Итак, образы березы (и рябины) вопреки заявлениям героя оказываются в тексте Довла-това знаками (маркерами) родины. Заметим, что длительный запой героя, который случается после прощания с женой, сюжетно - случайно, но художественно не случайно начинается именно рядом с березой. «Короче, зашел я в лесок около бани. Сел, прислонившись к березе. И выпил бутылку „Московской", не закусывая.» [6, с. 251]. (Лексемы «береза» и «Москва» поставлены рядом.) Именно здесь - в русле мотива прощания с родиной (пока только жены и дочери) - у Довлатова появится и цветаевская рябина: «...курил одну сигарету за другой и жевал рябиновые ягоды.» [6, с. 251]. Очевидно, что композиционная близость «растительных» деталей не случайна, образно родственна. И через них интертекстуальный пласт повести удваивается, утраивается, приумножается.

В плане выявления лермонтовского интертекста обращает на себя внимание использование Довлатовым оборота «суррогат патриотизма» [6, с. 176]. С одной стороны, он может показаться сугубо индивидуальным, собственно довлатовским. И это, может быть, именно так.

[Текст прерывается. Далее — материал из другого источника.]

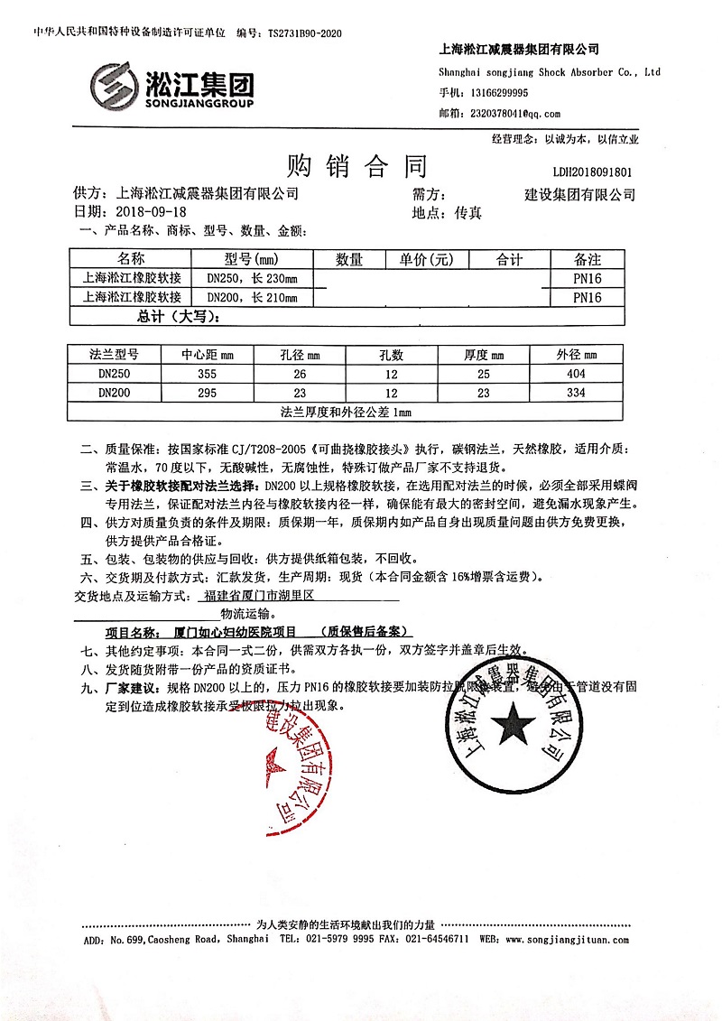 上海淞江減震器集團有限公司為您介紹:廈門如心婦幼醫院橡膠軟接頭項目信息,淞江集團銷售在2018年9月18日簽下該合同,為廈門如心婦幼醫院提供橡膠軟接頭產品。

Однако с другой стороны, вычурный оборот Довлатова оказывается весьма близок сентенции Н. А. Добролюбова, который в свое время характеризовал все то же стихотворение Лермонтова «Родина» и писал, что в нем поэт-дворянин «становится решительно выше всех предрассудков патриотизма и понимает любовь к отечеству истинно, свято и разумно» [5] (статья «О степени участия народности в развитии русской литературы»). Предрассудки патриотизма // суррогат патриотизма. Можно предположить, что Довлатов знал статью Добролюбова «О степени участия...» (познакомился с нею в период учебы на филологическом факультете ЛГУ или позднее), и в своем традиционном стремлении избежать повтора согласной в одном предложении (в одном выражении) он мог добролюбовские «предрассудки патриотизма» превратить в собственный «суррогат патриотизма». Своеобразный речевой оборот Добролюбова и материал, им осмысляемый (лермонтовская «Родина»), - в совокупности - дают основания к подобному предположению. И эта пусть даже косвенная связь со стихотворением «Родина» позволяет актуализировать и разгадать «странность» образов любви/нелюбви к родной природе довлатовского героя, боль его тягостных переживаний, явно отсылающих к классическому (патриотическому) интертексту (претексту).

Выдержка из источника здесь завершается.